Tuesday, August 24, 2010

... And I'm a Post-Mormon, Part IV

Last post on the "And I'm a Mormon!" series. Please note that in this section, I tackle social justice issues in the Church that essentially precipitated my loss of faith. I do not mince words here. You have been warned. 

Do Mormons believe in the equality of men and women?

No. But most Mormons will tell you they do, just that men and women have "different roles". When it comes down to it, however. . .  

  • Women are taught that they have "separate roles" on this earth from women and that men are to preside in the home.
  • Women are excluded from the highest leadership quorums of the LDS Church, on basis of their anatomy.
  • Women are taught that our male God has a wife but we are not permitted to know more about her, pray to her, speculate about her, write about her, etc., at the risk of excommunication.  
  • Women, but not men, are required to veil their faces in the temple in order to petition God. 
  • Women make covenants to hearken (defined as given respectful attention) to their husbands, while husbands are not required to do the same for their wives. The phrase used to be "obey," but was changed in in the 1990s. 
  • In the temple, women are told that they will serve under their husbands in the eternities. 
  • Women are told that they need to be married to be taken "through the veil" and into God's presence. Men are not taken "through the veil" by their wives.
  • The LDS Church expended significant money and effort to defeat the Equal Right's Amendment in the 1970s. 

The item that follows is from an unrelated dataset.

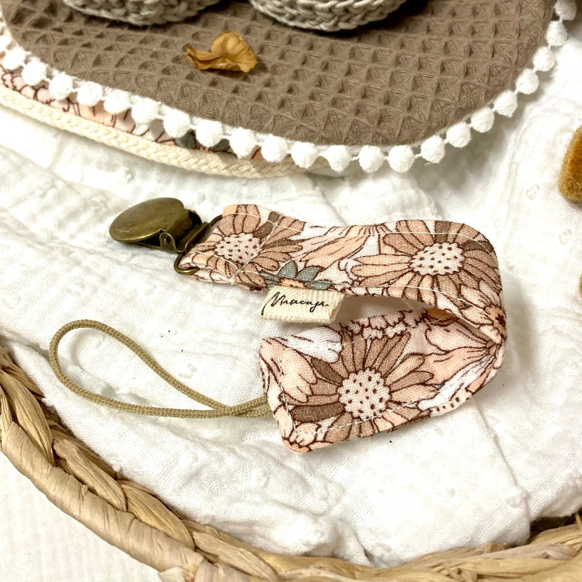 Fita de Chupeta Flores Rosa e Castanho

"Separate but equal" didn't work for the blacks during segregation, and it doesn't work for women in Mormonism.  

How can we stop the influence of pornography?

By no longer guilt-tripping and shaming people who look at it. This creates far more problems and "addictions" than it fixes. Looking at pornography occasionally does not constitute an addiction. I'm not saying pornography is a good thing. But I have seen what the church's approach to healing people from the "addiction" of pornography has done to good people. 

What is the Church's attitudes towards homosexuality? Why is same-sex marriage important to the Mormon Church?

Similar to many, many fundamentalist Christian groups, the LDS Church teaches that homosexual actions constitute a severe sin (in the case of Mormonism, they are a sexual sin that is second only to murder in severity). Generally speaking, the bar that constitutes "homosexual activity" is considerably lower than that which constitutes "heterosexual activity". Mormonism rejects homosexual activity within marriage, and actively works to disallow gays from having the legal right to be wed. In addition, you would be hard-pressed to find a Mormon bishop that would be ok with a gay man having a boyfriend, even if they kept the heterosexual version of the law of chastity (in other words, could kiss, make out, hold hands, etc.) Indeed, gay Mormon men who get married to their partners are excommunicated.

The Mormon Church also teaches that the there is a "War on the Family" instituted by Satan, and that gay marriage is part of Satan's plan to "destroy the family".